* _Directions_
An exact copy of the lines of the listing below between the "equipped with height-adjustable" line and the "Batam -Air Batam" line, both included, is the whole answer; please omit the pictures.
------ Data for review
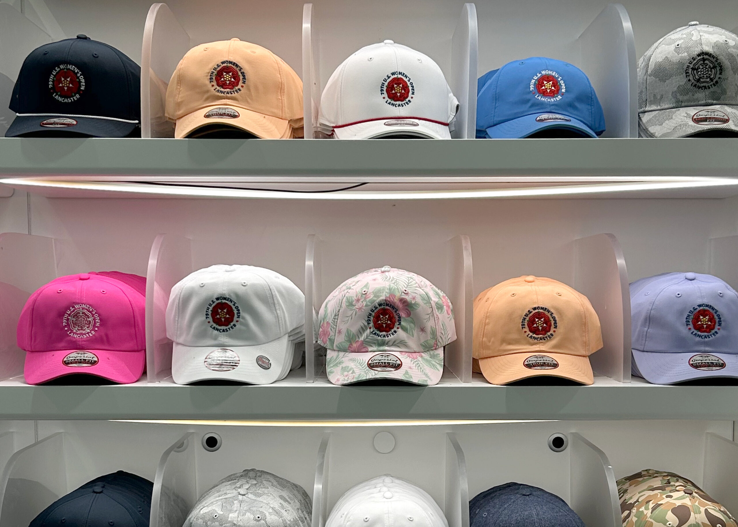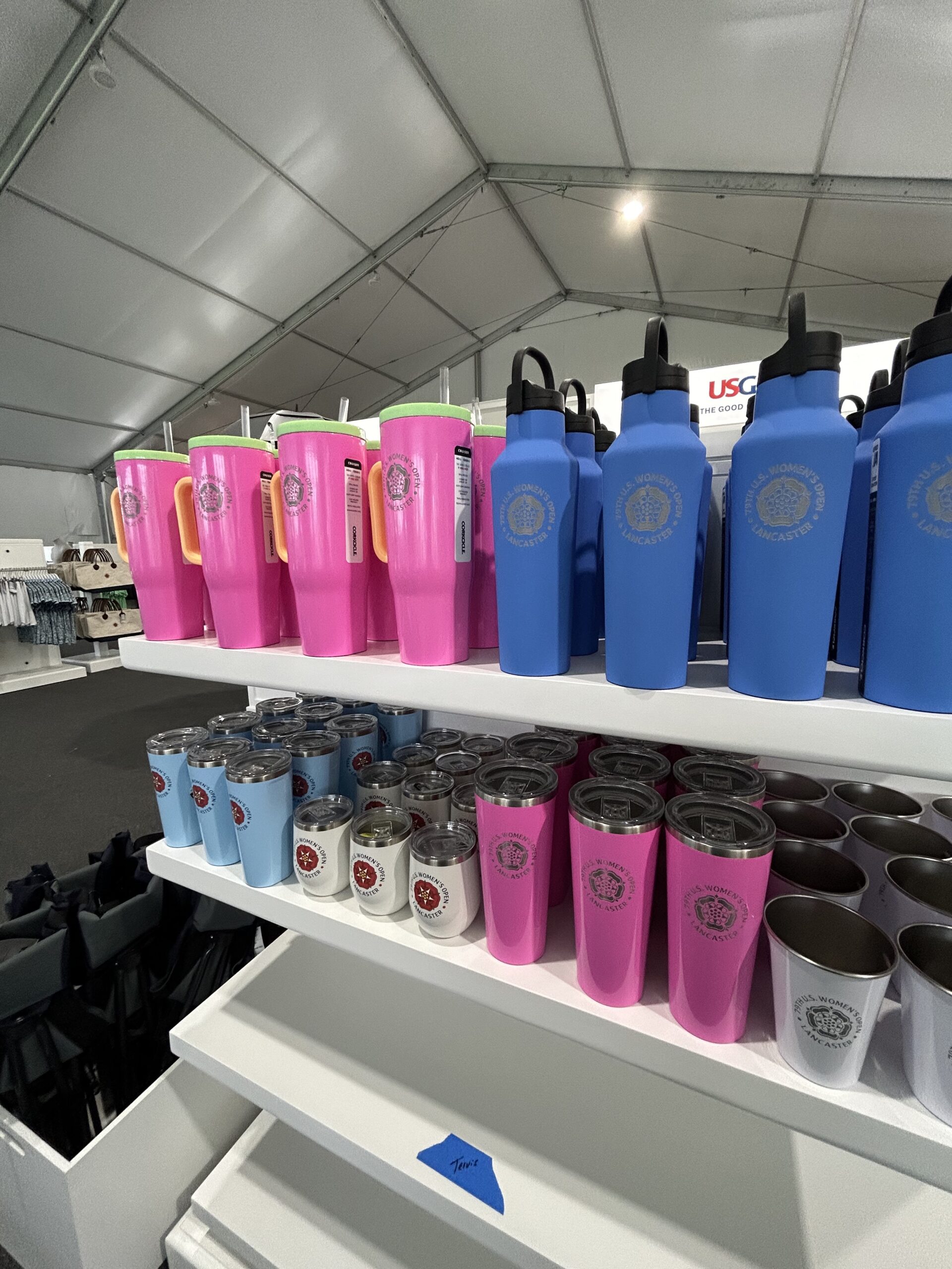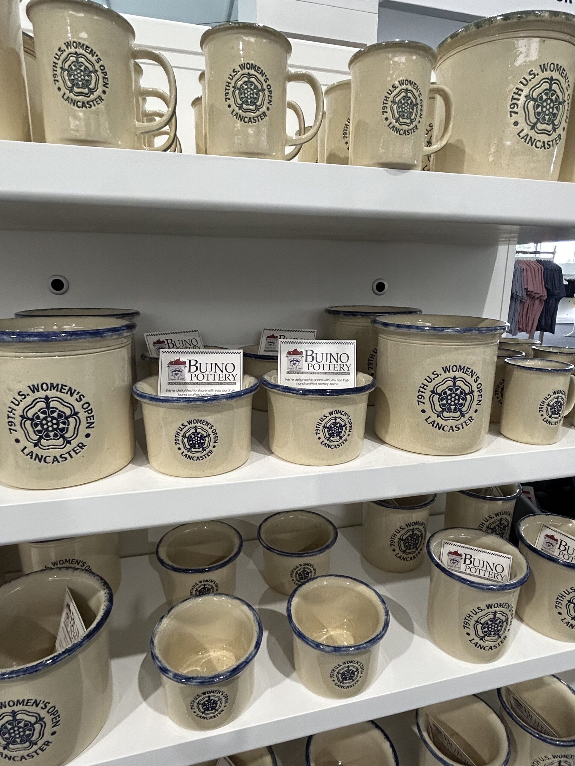 All items bear the logo for this year’s event. Julie shares that the logo is somewhat different from past years. “Usually, the logo includes the host club’s logo, but Lancaster Country Club wanted it to be about the community,” she explains. Hence, the USGA came up with a floral motif that might be described as a “Dutchy” red rose.
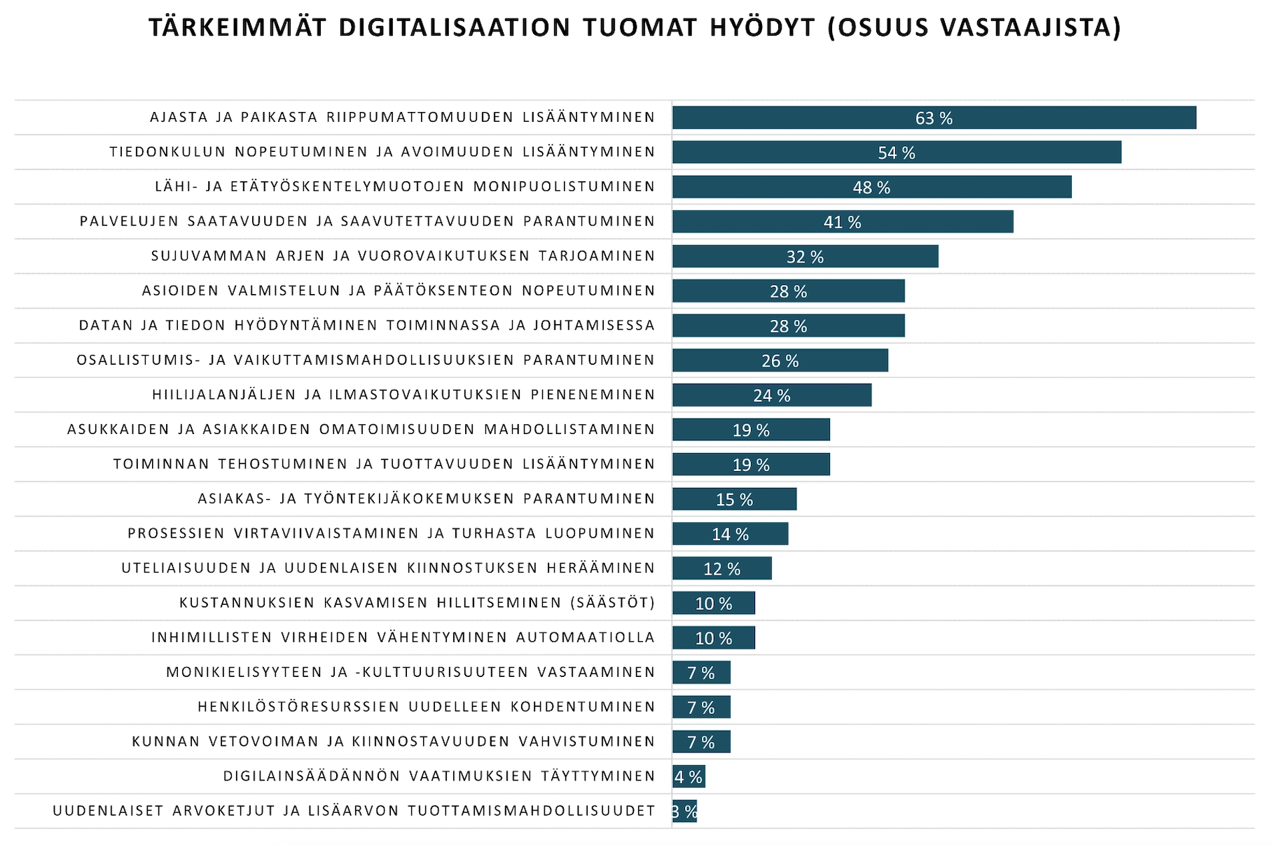 Digitalisaatiokyselyssä kuntien henkilöstö valitsi viisi mielestään tärkeintä digitalisaation tuomaa hyötyä.Tärkeimmiksi digitalisaation tuomiksi hyödyiksi henkilöstö nosti ajasta ja paikasta riippumattomuuden lisääntymisen sekä tiedonkulun nopeutumisen ja avoimuuden lisääntymisen. Myös lähi- ja etätyöskentelymuodot ovat monipuolistuneet ja palvelujen saatavuus ja saavutettavuus on parantunut.
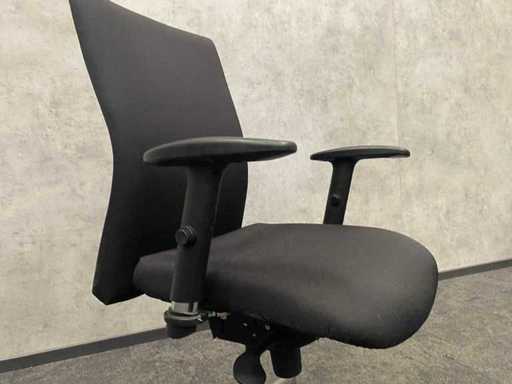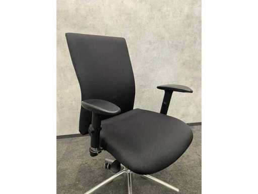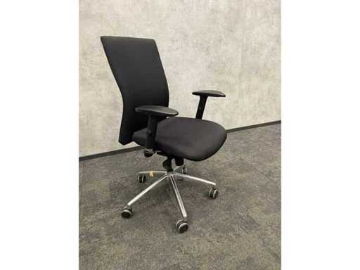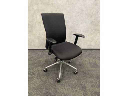 equipped with height-adjustable armrests, seat height and seat depth adjustable, adjustable backrest, black upholstery, chrome 5-star foot cross
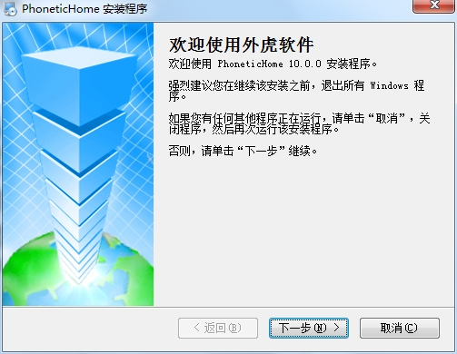 1、下载phonetichome.exe直接启动就可以了,显示软件的安装界面
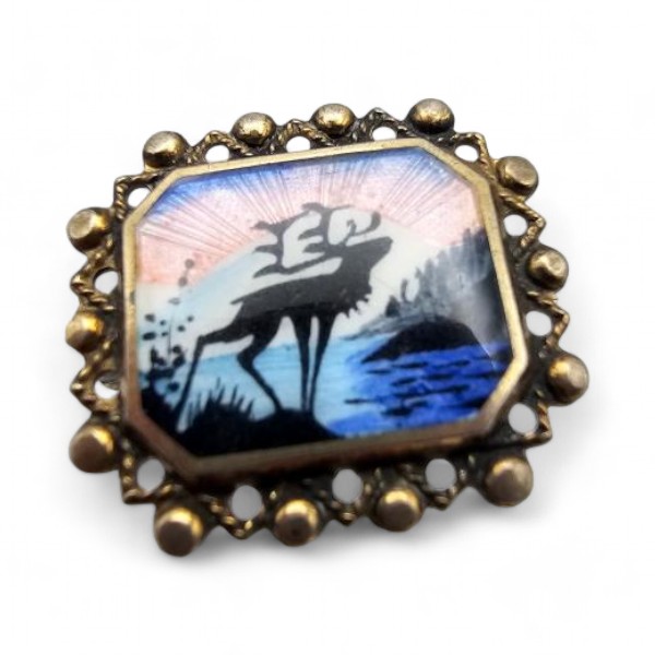 Norway Arne Nordlie Guilloche Enamel Sterling Silver Deer Scene Brooch 3.2 G
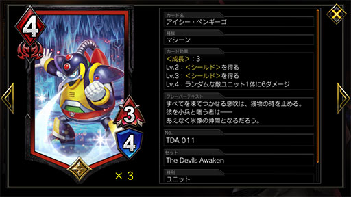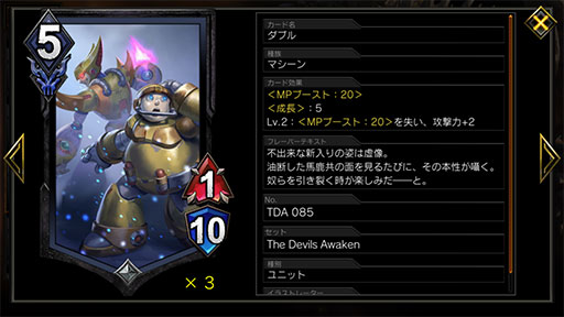 ダブルは「成長:5」の能力を持ち,レベルアップするとMPブーストは消えてしまうのだが,攻撃力が2上がって3/10のアタッカーになるので,それほど悪くはない。このユニットを展開したあとに,3MPのユニットを2体展開して3面から攻める動きはなかなか強いので,初手にあれば狙っていこう。
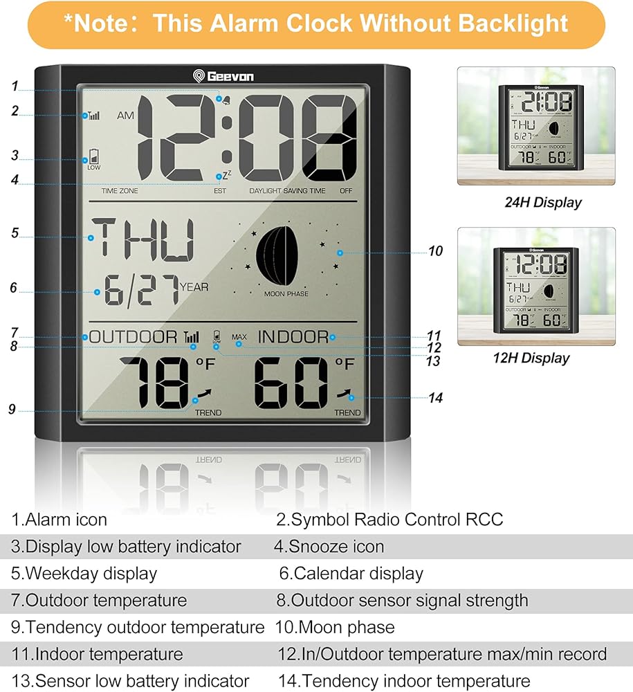 【تقنية الساعة الذرية المحسنة】ستكون ساعات الطقس الذري ذات درجة الحرارة الداخلية والخارجية دقيقة دائمًا في غضون ثانية واحدة حيث تتلقى تحديثات WWVB اليومية، ما عليك سوى اختيار المنطقة الزمنية الخاصة بك على أزرار إعداد الساعة وتشغيل التوقيت الصيفي إذا كان ذلك ممكنًا. تحديثات تلقائية للوقت النهاري، أيام الأسبوع، اليوم، الشهر، الوقت، تساعدك على إدارة الحياة العادية.
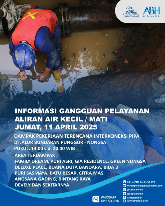Batam -Air Batam Hilir menginformasikan, pelaksanaan pekerjaan terencana Interkoneksi Pipa DN 500mm x 300mm di jalur Bundaran Punggur – Nongsa yang bertujuan untuk meningkatkan pelayanan pelanggan dan akan dilakukan pada :Jumat, 11 April 2025 Pukul, 14.00 s.d. 20.00 WIB
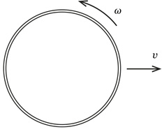 ЗадачаРассмотрим слегка упрощенную задачу. Пусть вместо шайбы у нас будет однородное узкое и плоское кольцо. Его запускают скользить по горизонтальной поверхности, придав некоторую начальную скорость и некоторое вращение (рис. 1). Между кольцом и поверхностью действует обычное сухое трение: сила трения пропорциональна прижимающей силе, не зависит от модуля скорости проскальзывания и направлена в противоположную от скорости сторону.
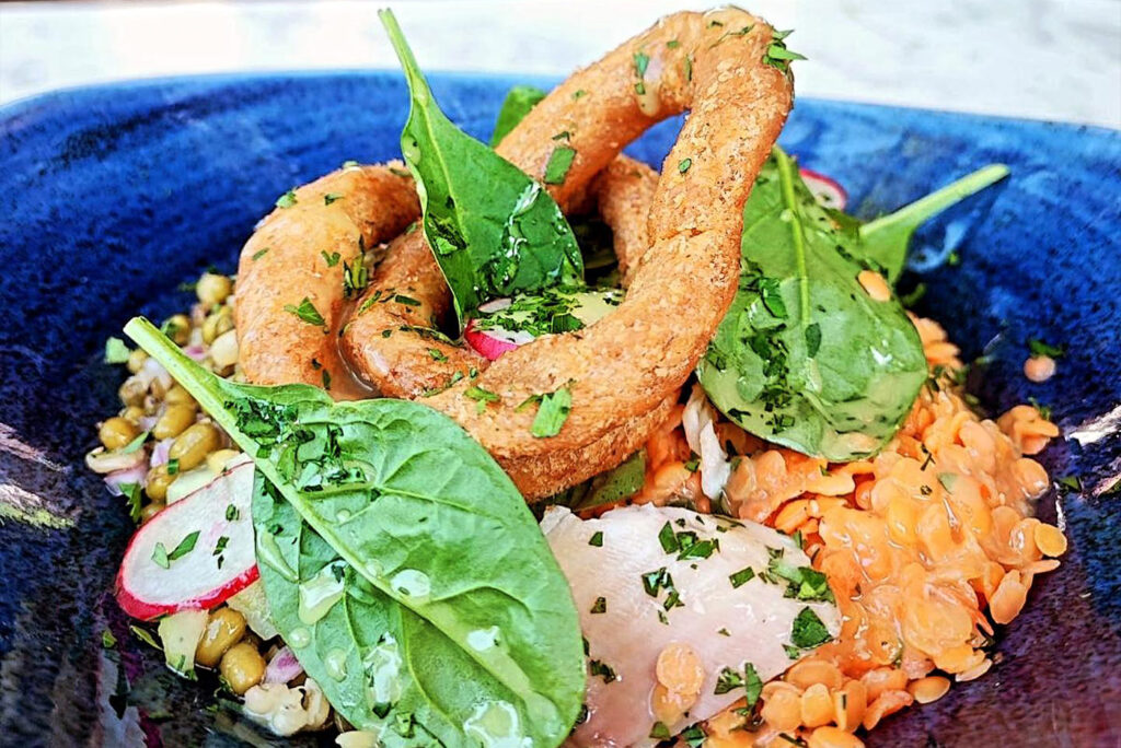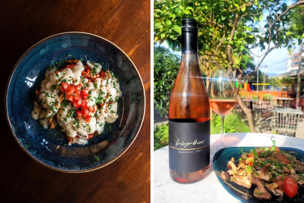 Ιδιαίτερη θέση έχουν και οι vegan επιλογές, που δεν αντιμετωπίζονται σαν υποσημείωση αλλά σαν κανονικό κομμάτι της φιλοσοφίας της κουζίνας. Κλασικές ελληνικές ιδέες, μεταφρασμένες με λεπτότητα στο σήμερα: μπριαμ γλυκοπατάτας με μπεσαμέλ σελινόριζας, πιάτα νηστίσιμα όπως σιγομαγειρεμένο χταπόδι με φάβα από αρακά και σαλάτα από μεσσηνιακή ροβίτσα, ή το σαγανάκι ξεροσφέρι, ένα τοπικό τυρί από μικρό τυροκομείο της περιοχής, δεμένο με καπνιστή μελιτζάνα.
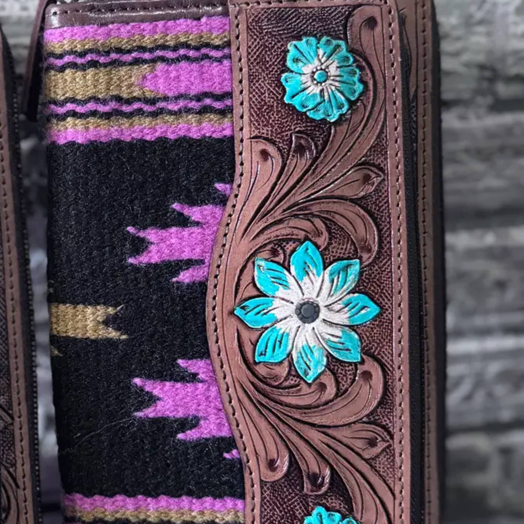 Indulge in luxury with the Scarlet, sunflower wallet. This bi-folding wallet features a vibrant red stained leather and is adorned with intricate sunflower tooling. The cowhide back and partially tooled leather front add durability and sophistication. Stay secure with the convenient snap closure.
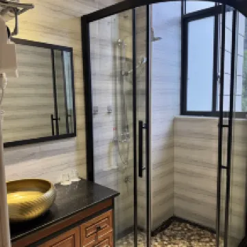 The location is good. Just 300 metres to the official Mingshi scenic area and the Tourist Centre. There are shuttle buses at the Tourist Centre to Detian Waterfall every day at 8.30 am, 12 pm, and 4 pm at 15 Yuan per person. There are also return shuttle buses from Detian Waterfall to Mingshi.
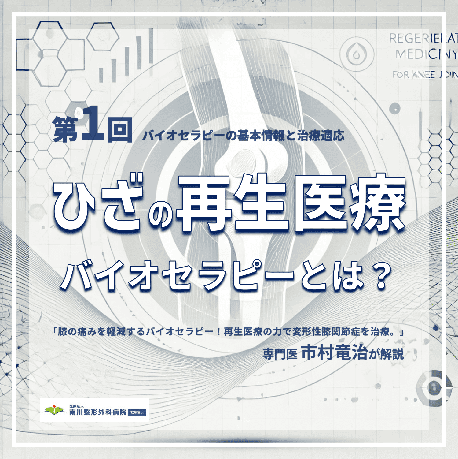 「膝の再生医療」について、整形外科部長の市村竜治医師が患者様からのご質問にお答えするシリーズをお届けします。第1回は「バイオセラピーの基本情報と治療適応」についてです。
------------
* _Solution for this task_
 equipped with height-adjustable armrests, seat height and seat depth adjustable, adjustable backrest, black upholstery, chrome 5-star foot cross
 1、下载phonetichome.exe直接启动就可以了,显示软件的安装界面
 Norway Arne Nordlie Guilloche Enamel Sterling Silver Deer Scene Brooch 3.2 G
 ダブルは「成長:5」の能力を持ち,レベルアップするとMPブーストは消えてしまうのだが,攻撃力が2上がって3/10のアタッカーになるので,それほど悪くはない。このユニットを展開したあとに,3MPのユニットを2体展開して3面から攻める動きはなかなか強いので,初手にあれば狙っていこう。
 【تقنية الساعة الذرية المحسنة】ستكون ساعات الطقس الذري ذات درجة الحرارة الداخلية والخارجية دقيقة دائمًا في غضون ثانية واحدة حيث تتلقى تحديثات WWVB اليومية، ما عليك سوى اختيار المنطقة الزمنية الخاصة بك على أزرار إعداد الساعة وتشغيل التوقيت الصيفي إذا كان ذلك ممكنًا. تحديثات تلقائية للوقت النهاري، أيام الأسبوع، اليوم، الشهر، الوقت، تساعدك على إدارة الحياة العادية.
Batam -Air Batam Hilir menginformasikan, pelaksanaan pekerjaan terencana Interkoneksi Pipa DN 500mm x 300mm di jalur Bundaran Punggur – Nongsa yang bertujuan untuk meningkatkan pelayanan pelanggan dan akan dilakukan pada :Jumat, 11 April 2025 Pukul, 14.00 s.d. 20.00 WIB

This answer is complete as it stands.